Segment Open

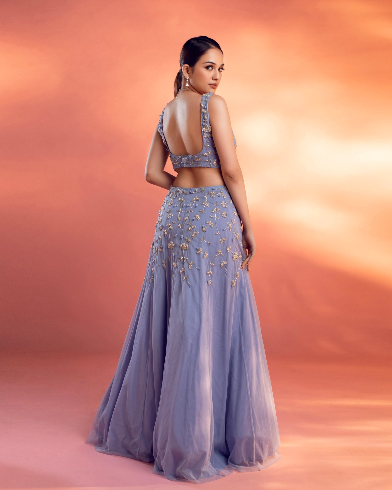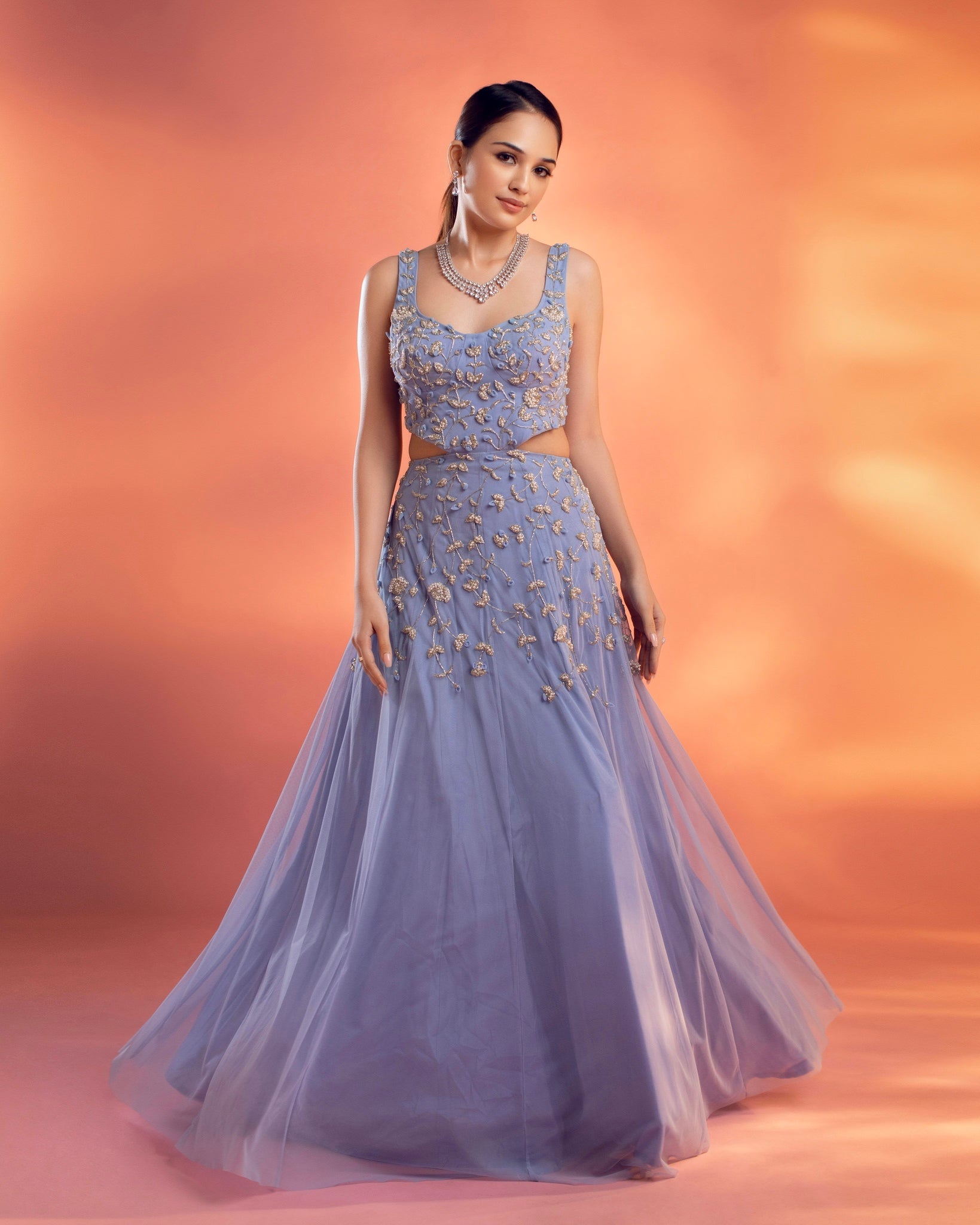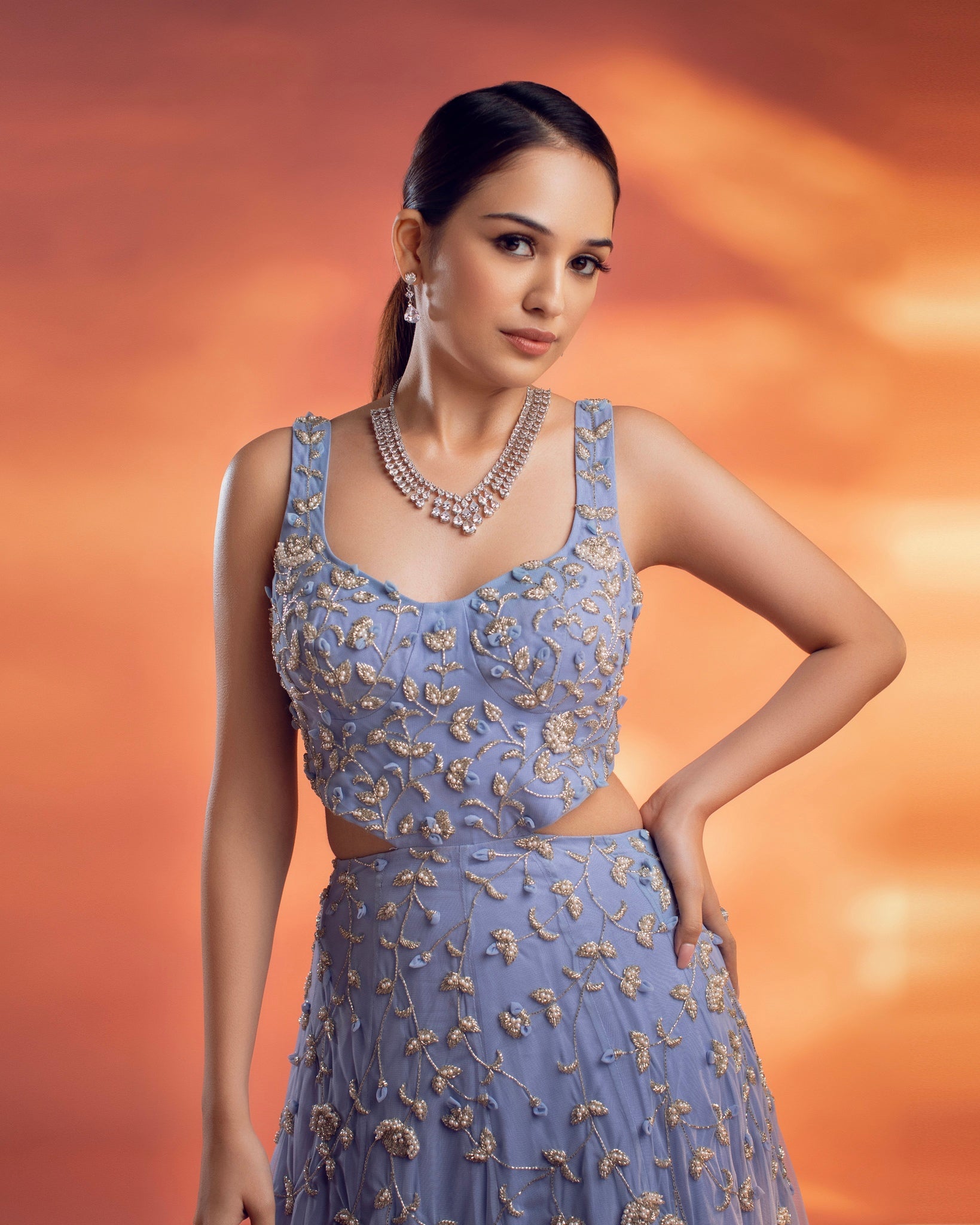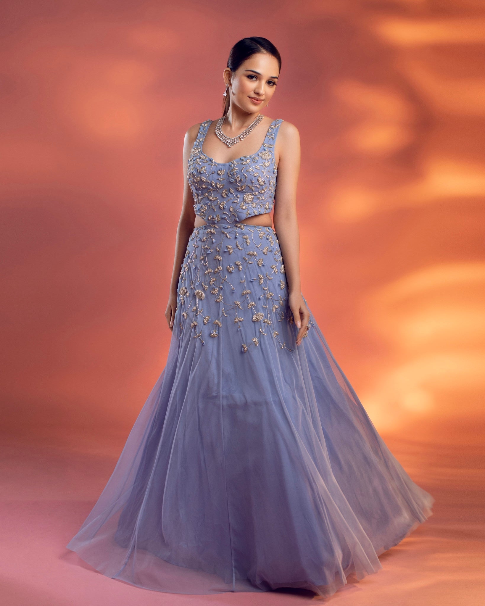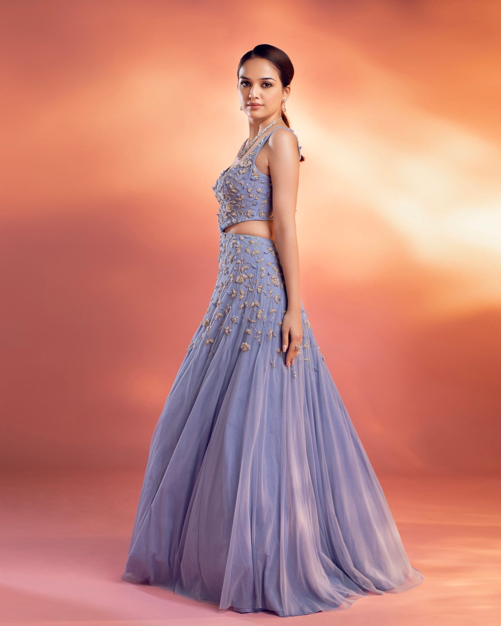 Blue gown along with a waist cut, embellished with glass beads and pearls over a net base.
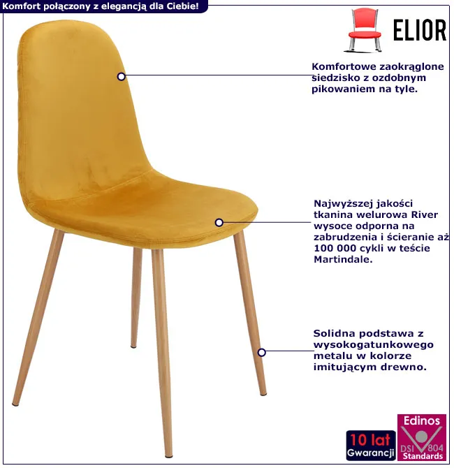 • Estetyka i funkcjonalność w jednym: Metalowe nogi z imitacją drewna tworzą stabilną podstawę i dodają krzesłu eleganckiego wyglądu. Delikatne pikowanie i przeszycia nicią na zewnętrznej stronie siedziska dodają mu charakteru.
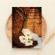 Invités Invitations à vos nuptiaux de ferme à venir avec le rustique chic White Daisies et Cowboy Boots Country Western Faire-part de mariage. Ce charmant invitation à thème de ranch personnalisé présente une photo florale de bottes de cowboy en cuir marron, fleurs de fleur marguerite blanche, voile de mariée blanche et un arrière - plan patiné en bois de grange brun.

Segment Closed

Activity — Repeat every line of the data above exactly, but drop the pictures.

Solution to the problem —
 Blue gown along with a waist cut, embellished with glass beads and pearls over a net base.
 • Estetyka i funkcjonalność w jednym: Metalowe nogi z imitacją drewna tworzą stabilną podstawę i dodają krzesłu eleganckiego wyglądu. Delikatne pikowanie i przeszycia nicią na zewnętrznej stronie siedziska dodają mu charakteru.
 Invités Invitations à vos nuptiaux de ferme à venir avec le rustique chic White Daisies et Cowboy Boots Country Western Faire-part de mariage. Ce charmant invitation à thème de ranch personnalisé présente une photo florale de bottes de cowboy en cuir marron, fleurs de fleur marguerite blanche, voile de mariée blanche et un arrière - plan patiné en bois de grange brun.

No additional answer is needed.